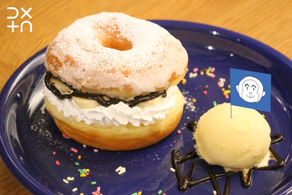 (シュガードーナツ・ホイップクリーム・バナナ・バナナアイス・チョコレートソース・カラースプレー・粉糖)
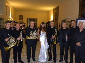 (in foto Barbara Chiappini e i Fiati Ensemble nel retro del Santuario di Santa Maria Goretti in occasione della serata di gala del premio Poseidon)
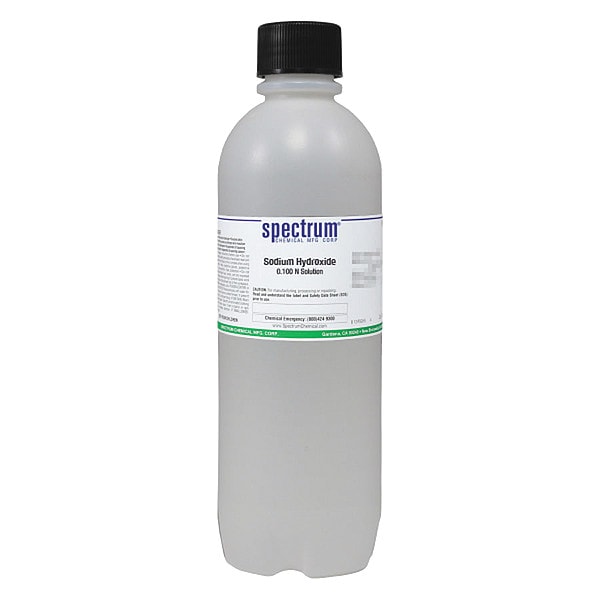 Sodium Hydroxide, Concentration 0.1 N, CAS Number 1310-73-2, 7732-18-5, Molecular Weight 40, Chemical Formula NaOH, APHA APHA, Chemical Container Material Plastic, Chemical Container Type Bottle, Chemical Grade Lab, Chemical Container Size 1 L, Chemical Family Type Solution, Shelf Life 24 mo, Shipping Restrictions Chemical Not Regulated For Transport, Standards Not Applicable, Special Information Not Applicable
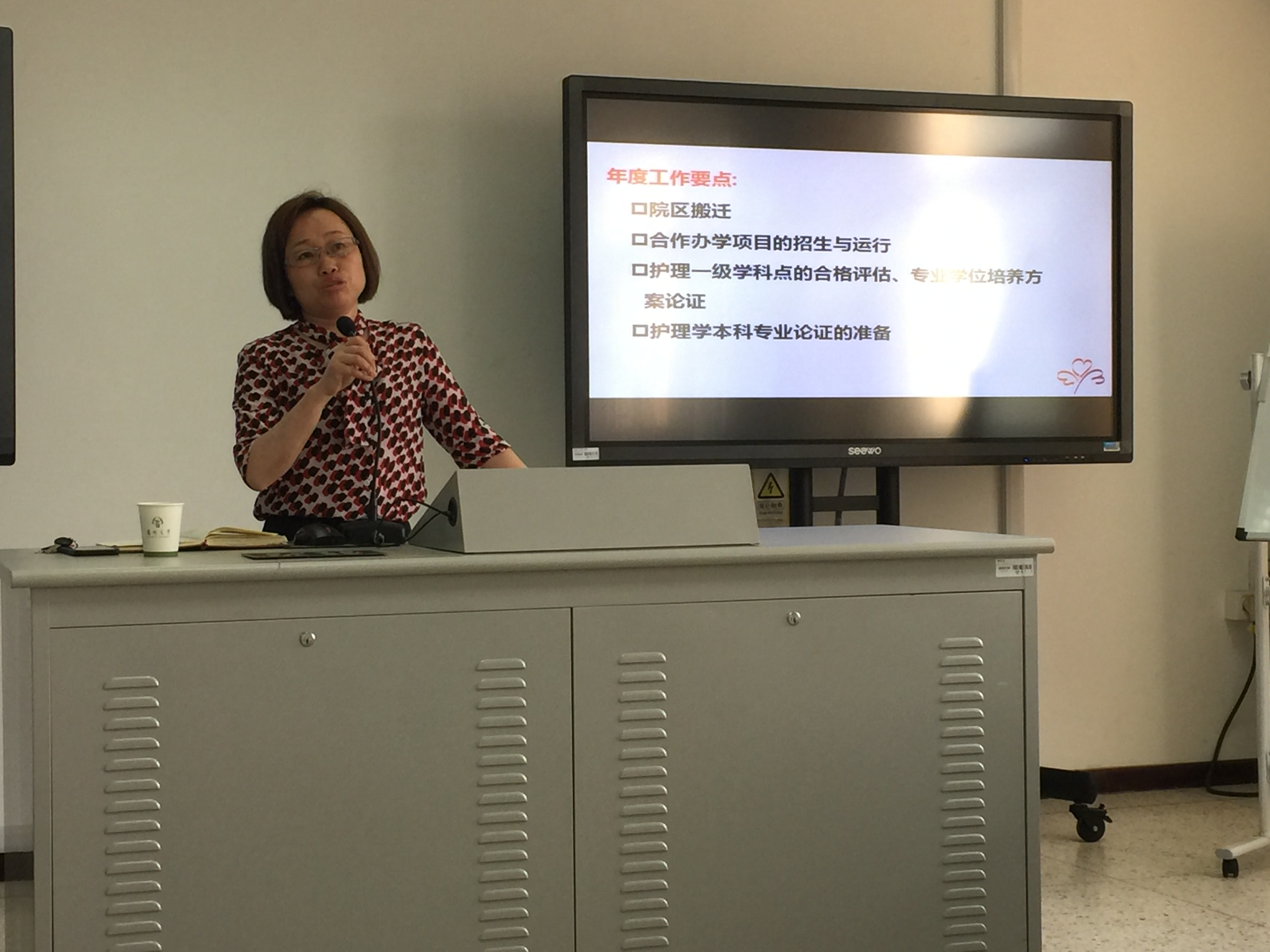 5月15日下午,护理学院召开全院教职工大会,龚卫娟院长布置本学期的重点工作,包括校区搬迁、中外合作办学项目的招生与运行管理、护理一级学科点合格评估、专业学位培养方案的论证、护理学本科专业论证的准备工作等。龚院长重点解读了2018年度学院发展业绩量化指标,详细分析了教学工作、本科生与研究生培养、学科建设、人事师资、自然科学、学生工作等各项指标,总结了学院目前的特色和存在的不足,对2018年下一步的总体工作做了简要部署。
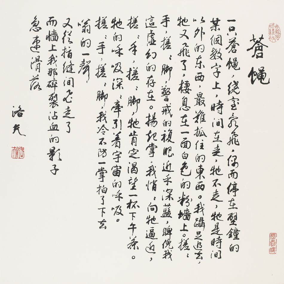 釋文:一只蒼蠅,繞室亂飛,偶而停在壁鐘的某個數字上,時間在走,牠不走,牠是時間以外的東西,最難抓住的東西。我躡足追去,牠又飛了。棲息在一面白色的粉牆上。搓搓手,搓搓腳,警戒的複眼近乎深藍,睥倪我這虛幻的存在。揚起掌,我悄悄向牠逼近,搓搓手,搓搓腳,牠肯定渴望一杯下午茶。牠的呼吸深深牽引著宇宙的呼吸。搓搓手,搓搓腳,我冷不防一掌拍下去,嗡的一聲,又從指縫間飛走了,而牆上我那碎裂沾血的影子,急速滑落。
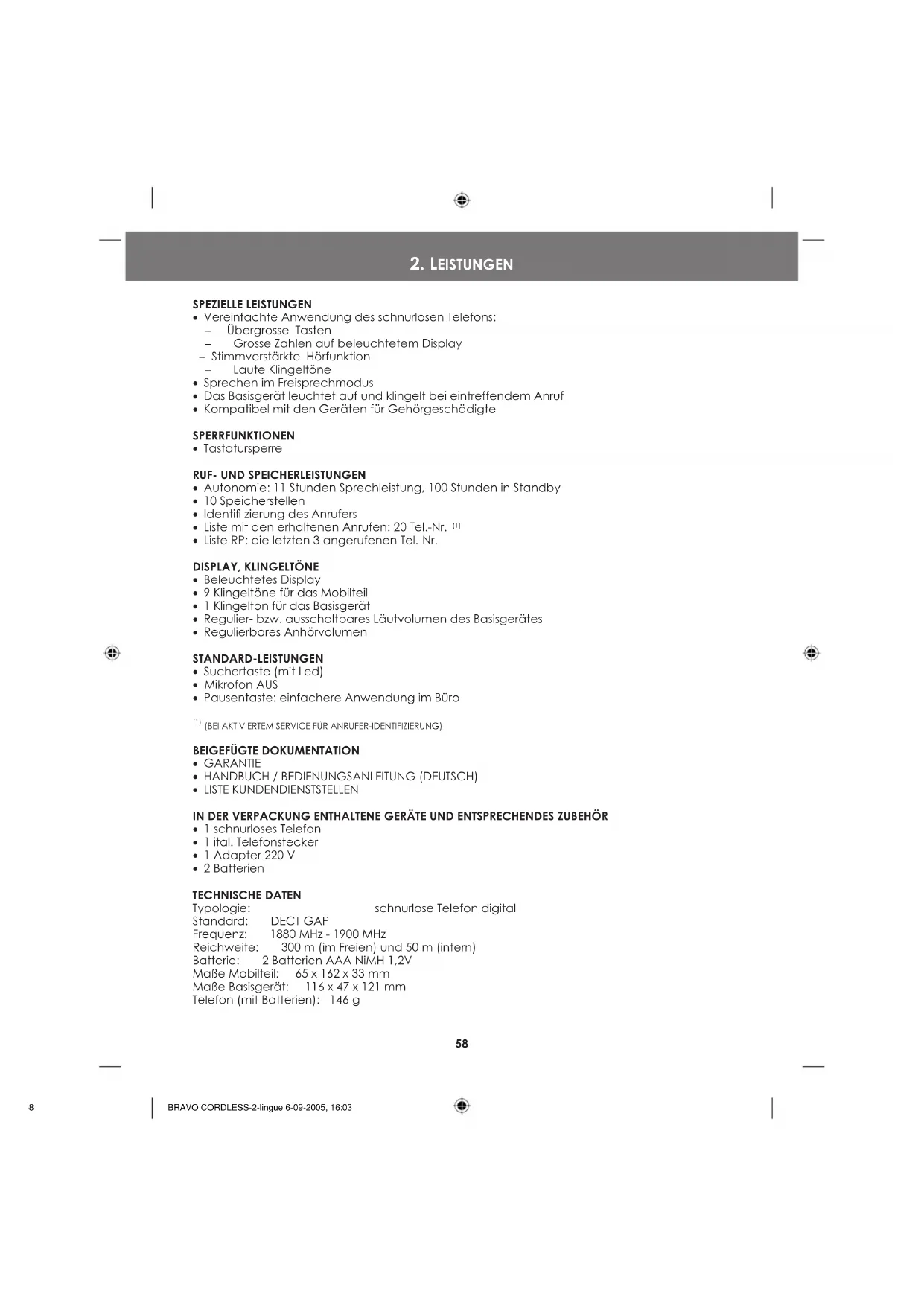- 2 Batterien TECHNISCHE DATEN Typologie: schnurlose Telefon digital Standard: DECT GAP Frequenz: 1880 MHz - 1900 MHz Reichweite: 300 m (im Freien) und 50 m (intern) Batterie: 2 Batterien AAA NiMH 1,2V Maße Mobilteil: 65 x 162 x 33 mm Maße Basisgerät: 116 x 47 x 121 mm Telefon (mit Batterien): 146 g BRAVO CORDLESS-2-lingue 6-09-2005, 16:035859
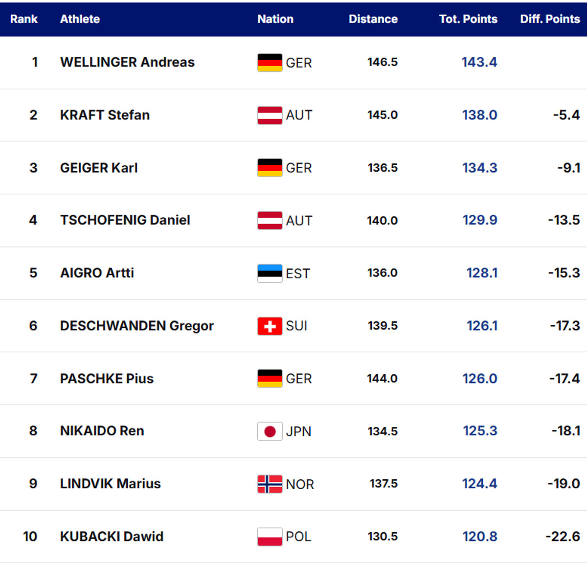 Немецкий прыгун Андреас Веллингер выиграл второй личный старт на этапе Кубка мира в финской Руке. Он опередил австрийца Штефана Крафта и партнера по команде Карла Гайгера. Для Веллингера это восьмая в карьере победа на Кубке мира.
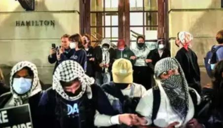 दर्जनों प्रदर्शनकारियों ने मंगलवार तड़के न्यूयॉर्क में कोलंबिया विश्वविद्यालय की एक इमारत पर कब्जा कर लिया, प्रवेश द्वारों पर बैरिकेडिंग कर दी और पूरे अमेरिका में कॉलेज परिसरों में इजरायल-हमास युद्ध के खिलाफ प्रदर्शनों की नवीनतम वृद्धि में एक खिड़की से फिलिस्तीनी झंडा फहराया। स्कूल ने वादा किया कि उन्हें निष्कासन का सामना करना पड़ेगा।
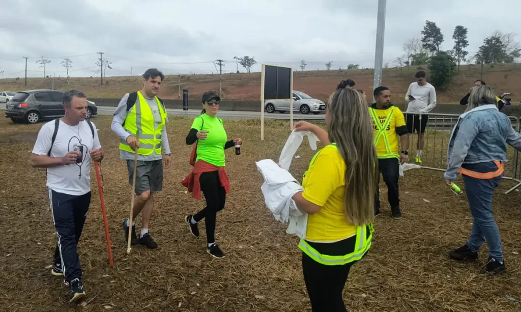 Além disso, os romeiros estão utilizando os pontos para descanso, que contam com cadeiras, totens para carregar celular, banheiros, e recebem também itens de segurança, como coletes e adesivos refletivos, e água.
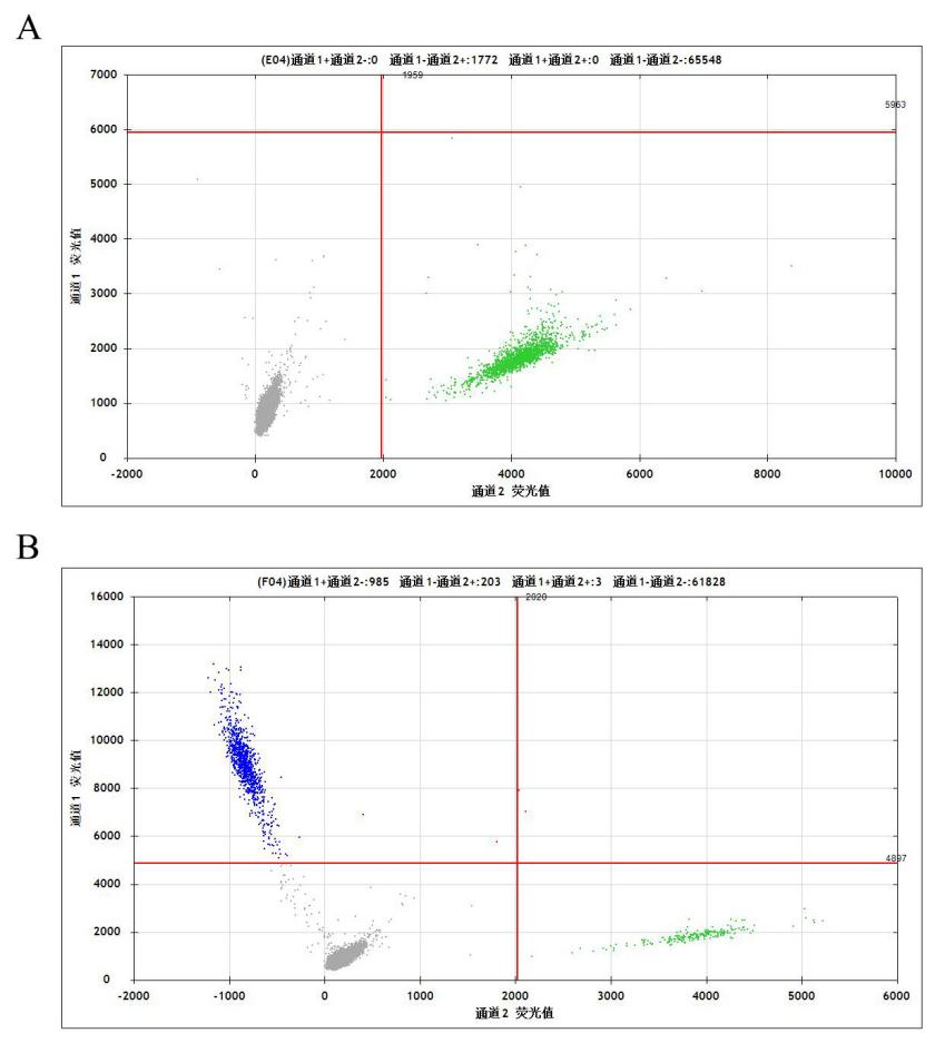 Figure 4:Gene Edited BTK[C481S] Isogenic Cell-ddPCR結(jié)果(通道1 藍(lán)色微滴代表BTK C481S 突變陽(yáng)性,通道2 綠色微滴代表該位點(diǎn)為陰性野生型)
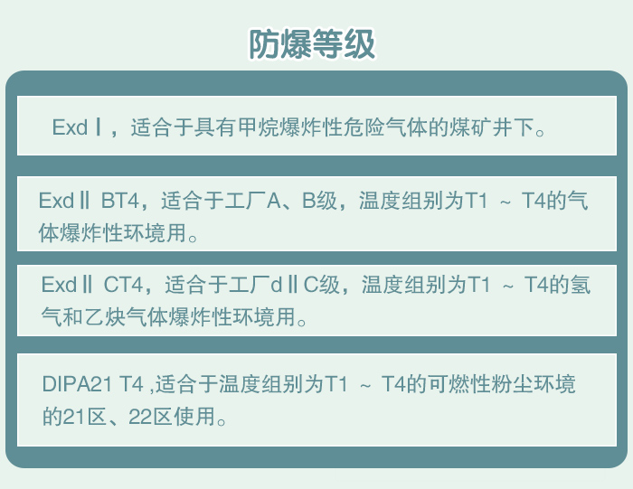防爆標志為DIPA21 T4適合于溫度組別為T1 ~ T4的可燃性粉塵環境的21區、22區使用。
━━━━━━━━
## WHAT THE EXERCISE ASKS:
All lines from the one with "दर्जनों प्रदर्शनकारियों ने" through the end of the records above must be reproduced exactly, both ends included, and the pictures must be left out.

## SOLUTION TO THE EXERCISE:
 दर्जनों प्रदर्शनकारियों ने मंगलवार तड़के न्यूयॉर्क में कोलंबिया विश्वविद्यालय की एक इमारत पर कब्जा कर लिया, प्रवेश द्वारों पर बैरिकेडिंग कर दी और पूरे अमेरिका में कॉलेज परिसरों में इजरायल-हमास युद्ध के खिलाफ प्रदर्शनों की नवीनतम वृद्धि में एक खिड़की से फिलिस्तीनी झंडा फहराया। स्कूल ने वादा किया कि उन्हें निष्कासन का सामना करना पड़ेगा।
 Além disso, os romeiros estão utilizando os pontos para descanso, que contam com cadeiras, totens para carregar celular, banheiros, e recebem também itens de segurança, como coletes e adesivos refletivos, e água.
 Figure 4:Gene Edited BTK[C481S] Isogenic Cell-ddPCR結(jié)果(通道1 藍(lán)色微滴代表BTK C481S 突變陽(yáng)性,通道2 綠色微滴代表該位點(diǎn)為陰性野生型)
防爆標志為DIPA21 T4適合于溫度組別為T1 ~ T4的可燃性粉塵環境的21區、22區使用。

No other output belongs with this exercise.